University of Arizona researchers have snapped images of a planet outside our solar system with an Earth-based telescope using a CCD imaging sensor, which is also found in digital cameras, instead of an thermal infrared detector.

“This is an important next step in the search for exoplanets because imaging in visible light instead of thermal infrared is what we likely have to do if we want to detect planets that might be suitable for harboring life,” said Jared Males, a NASA Sagan Fellow in the UA’s Department of Astronomy and Steward Observatory and lead author on a report to be published in The Astrophysical Journal (also available on open-access arXiv).

The image was taken at a wavelength (985 nanometers) that is close to visible red light, showing that the use of a digital camera-type imaging sensor — called a charge-coupled device or CCD — opens up the possibility of imaging planets in visible light, which has not been possible previously with Earth-based telescopes.

“This is exciting to astronomers because it means we now are a small step closer to being able to image planets outside our solar system in visible light,” said Laird Close, a professor in the Department of Astronomy, who co-authored the paper.

Cooler planets require visible-light imaging

He explained that all the other Earth-based images taken of exoplanets close to their stars are far-infrared (thermal) images, which detect the planets’ heat. This limits the technology to Gas Giants — massive, hot planets young enough to still shed heat. In contrast, older, possibly habitable planets that have cooled since their formation don’t show up in infrared images as readily, and to image them, astronomers will have to rely on cameras capable of detecting visible light.

“Our ultimate goal is to be able to image what we call pale blue dots,” Close said. “After all, the Earth is blue. And that’s where you want to look for other planets: in reflected blue light.”

The photographed planet, called Beta Pictoris b, orbits its star at only nine times the Earth-Sun distance, making its orbit smaller than Saturn’s. In the team’s CCD images, Beta Pictoris b appears about 100,000 times fainter than its host star, making it the faintest object imaged so far at such high contrast and at such relative proximity to its star. The new images of this planet helped confirm that its atmosphere is at a temperature of roughly 2600 degrees Fahrenheit (1700 Kelvin). The team estimates that Beta Pictoris b weighs in at about 12 times the mass of Jupiter.

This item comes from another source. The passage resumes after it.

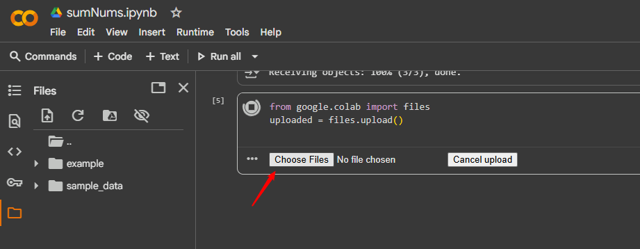 uploaded = files.upload()Bu not defterini çalıştırdığınızda, bir dosya yüklemenizi ister. TıklayınDosya Seçinİhtiyacınız olan herhangi bir dosyayı seçmek ve yüklemek için düğme.

“Because the Beta Pictoris system is 63.4 light years from Earth, the scenario is equivalent to imaging a dime next right next to a lighthouse beam from more than four miles away,” Males said. “Our image has the highest contrast ever achieved on an exoplanet that is so close to its star.”

Adaptive optics

In addition to the host star’s overwhelming brightness, the astronomers had to overcome the turbulence in Earth’s atmosphere, which causes stars to twinkle and telescope images to blur. The success reported here is mostly due to an adaptive optics system developed by Close and his team that eliminates much of the atmosphere’s effect. The Magellan Adaptive Optics technology is very good at removing this turbulence, or blurring, by means of a deformable mirror changing shape 1,000 times each second in real time.

The team also imaged the planet with both of MagAO’s cameras, giving the scientists two completely independent simultaneous images of the same object in infrared as well as bluer light to compare and contrast.

“An important part of the signal processing is proving that the tiny dot of light is really the planet and not a speckle of noise,” said Katie Morzinski, who is also a Sagan Fellow and member of the MagAO team. “I obtained the second image in the infrared spectrum — at which the hot planet shines brightly — to serve as an unequivocal control that we are indeed looking at the planet. Taking the two images simultaneously helps to prove the planet image on the CCD is real and not just noise.”

Males added: “In our case, we were able to record the planet’s own glow because it is still young and hot enough so that its signal stood out against the noise introduced by atmospheric blurring.”

“But when you go yet another 100,000 times fainter to spot much cooler and truly earthlike planets,” Males said, “we reach a situation in which the residual blurring from the atmosphere is too large and we may have to resort to a specialized space telescope instead.”

Development of the MagAO system was made possible through the strong support of the National Science Foundation MRI, TSIP and ATI grant programs. The Magellan telescopes are operated by a partnership of the Carnegie institute, the University of Arizona, Harvard University, Massachusetts Institute of Technology and the University of Michigan. The work of NASA Sagan Fellows Jared Males and Katie Morzinski was performed in part under contract with the California Institute of Technology funded by NASA through the Sagan Fellowship Program executed by the NASA Exoplanet Science Institute.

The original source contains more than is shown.